山内明美「明日なき《世界》」は、自動車社会や東日本大震災を例に挙げ、故郷を失われた人たちの「喪失」は外部へと追いやられ、自己回復が困難であると述べる。
藤原辰史「「規則正しいレイプ」と地球の危機」では、食料生産が気候変動に与える影響についても言及。化石燃料を手にした人間は、その「高速回転」の力を手に入れた。そしてその大きさ・速さに思考を奪われ、自らもその回転の中に巻き込まれている。
また、足達太郎「気候変動とアフリカ」は、定住農業がもたらした影響、それと比較したアフリカの農業形態についての論。生産性を高めることをよしとして、それを押し付けてきた「先進国」側の施策に対して、その土地に暮らしてきた人々が営んできた環境と共生する農業のあり方こそが、人間と生物の多様性の保全にとっては見直されるべきではと説く。
芳賀浩一「気候変動をめぐる「遅い暴力」」からは、今後読みたい本を見つけた。一冊は、原発事故を契機として政策転換をしなかった日本の未来を描いた多和田葉子『献灯使』。そのディストピアでは、老人の方が若者よりも頑強であるという。また、髙村薫『土の記』は、原発事故後の世界を表面上は何事もなく平穏に過ごす主人公の生活や内面世界を軸に、「人間が永遠にわかり得ない謎を秘めた存在であることを語ると同時に、あらゆる人間は地球の大きな循環の一部でもあることを表現」しているとのこと。
最近は知識欲のために、文芸作品を読む余裕があまりなく、しかしそれも寂しいと感じていたので、今の問題意識につながるような作品を知ることができて嬉しい。
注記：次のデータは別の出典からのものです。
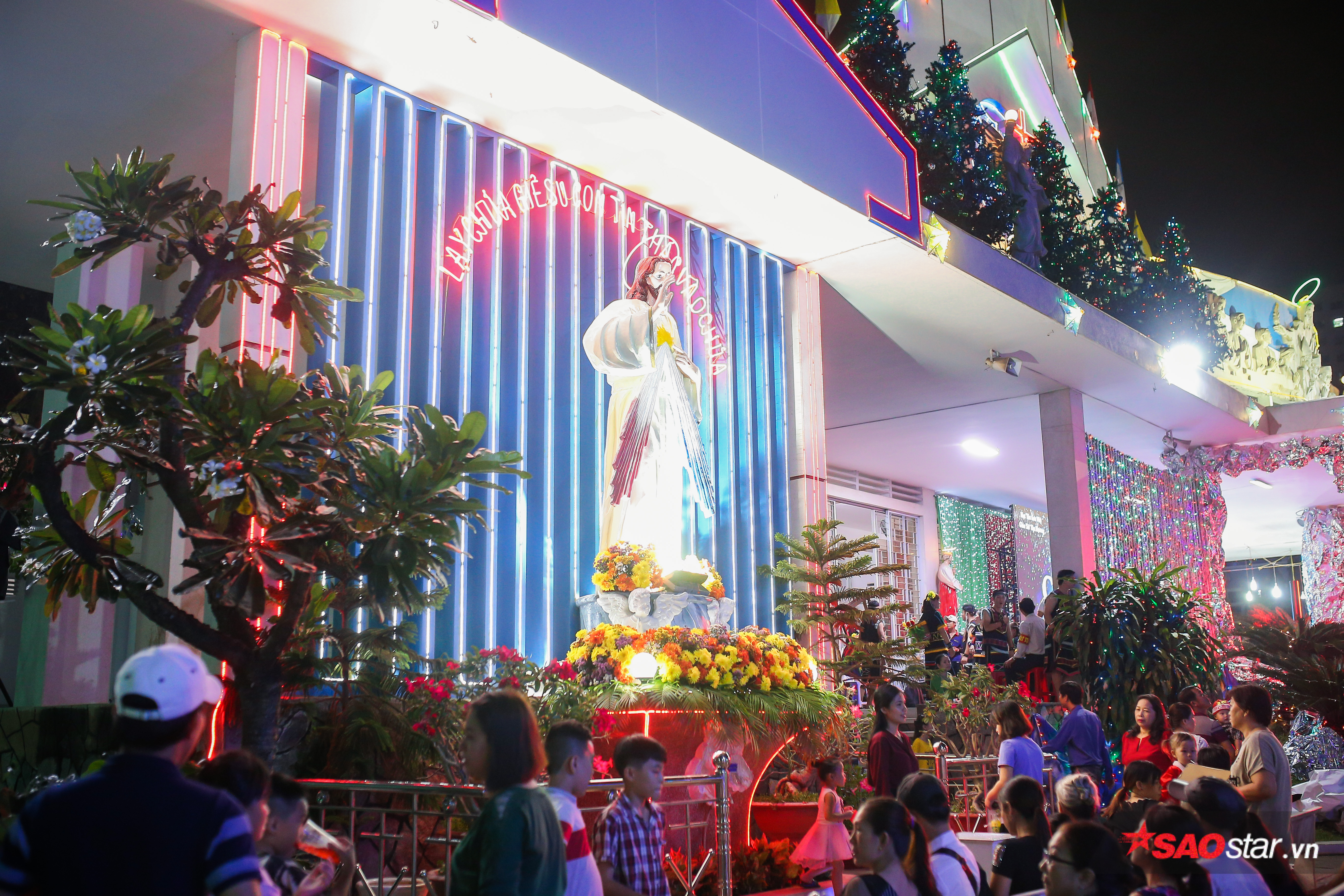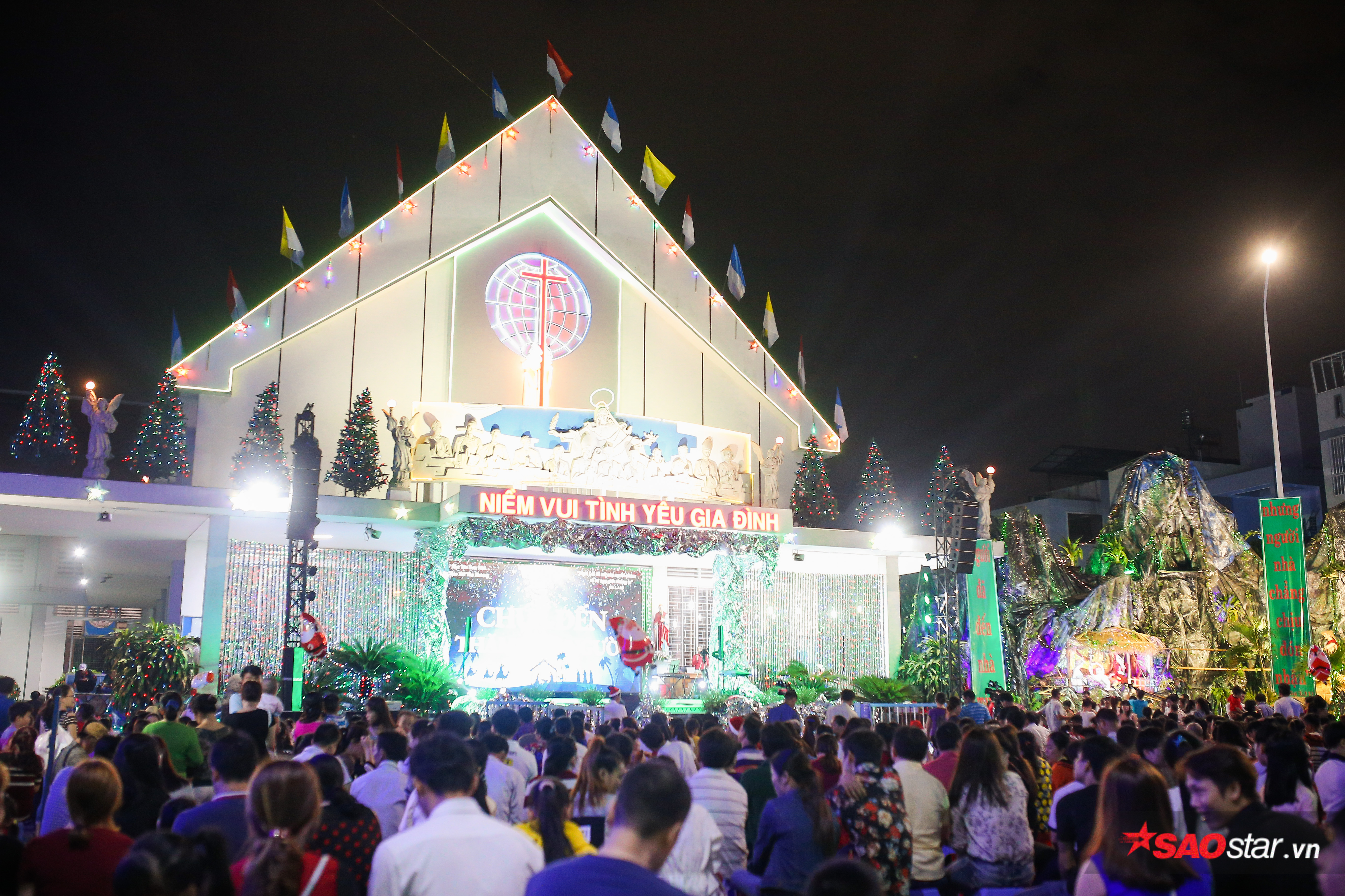 Tại thành phố Hồ Chí Minh, mọi người cũng đổ về các nhà thờ lớn để đón đêm Giáng sinh an lành. Ai nấy đều tỏ ra hào hứng với không khí nô nức tại đây.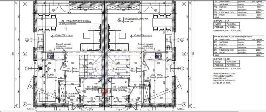 Powierzchnia całkowita lokalu wynosi 104 m2. Przemyślany układ pomieszczeń zapewnia wyraźny podział na strefę dzienną oraz prywatną: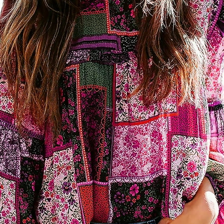 Polyester Woman Shirt Round Neck Pleated Casual Stylish Hand Washable Bohemia Blouse Daily Outtings Office Shirts Clothing Rose Red S Walmart Canada

山口未花子「「動物」にとっての気候変動はいかに経験されるのか」は、本書の中で一番気に入った「作品」。動物と人間の目線を行き来して語られる物語と、その背景にある思考のあと。その視点の持ち方は、普段生活する中でなんとなく想像するものであり、共感を覚える。「気候変動」という壮大な課題に対して、こんな入り口があってもいい。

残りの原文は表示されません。